WORK TO BE COMPLETED — Within the records below, reproduce without change the lines from the line that has "Living Room, Green" through the line that has "夕阳将云层染成温柔的粉橙色,与清澈的蓝天", and only those.

DATA RECORDS —

┌──

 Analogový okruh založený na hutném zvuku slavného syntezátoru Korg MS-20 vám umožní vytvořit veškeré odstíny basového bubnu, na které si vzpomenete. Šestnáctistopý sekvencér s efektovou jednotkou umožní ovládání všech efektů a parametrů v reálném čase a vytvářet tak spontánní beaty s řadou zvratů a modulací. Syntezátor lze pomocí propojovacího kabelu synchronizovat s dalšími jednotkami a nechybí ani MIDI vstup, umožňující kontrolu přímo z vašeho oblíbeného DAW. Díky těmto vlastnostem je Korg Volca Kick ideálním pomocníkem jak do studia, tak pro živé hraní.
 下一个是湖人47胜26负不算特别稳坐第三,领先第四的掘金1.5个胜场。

└──
┌──

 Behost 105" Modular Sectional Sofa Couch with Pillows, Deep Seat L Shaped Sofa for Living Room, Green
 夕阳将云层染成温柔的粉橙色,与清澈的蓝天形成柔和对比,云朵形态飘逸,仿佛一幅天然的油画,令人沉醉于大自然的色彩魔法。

└──

ANSWER TO THIS TASK —
 Behost 105" Modular Sectional Sofa Couch with Pillows, Deep Seat L Shaped Sofa for Living Room, Green
 夕阳将云层染成温柔的粉橙色,与清澈的蓝天形成柔和对比,云朵形态飘逸,仿佛一幅天然的油画,令人沉醉于大自然的色彩魔法。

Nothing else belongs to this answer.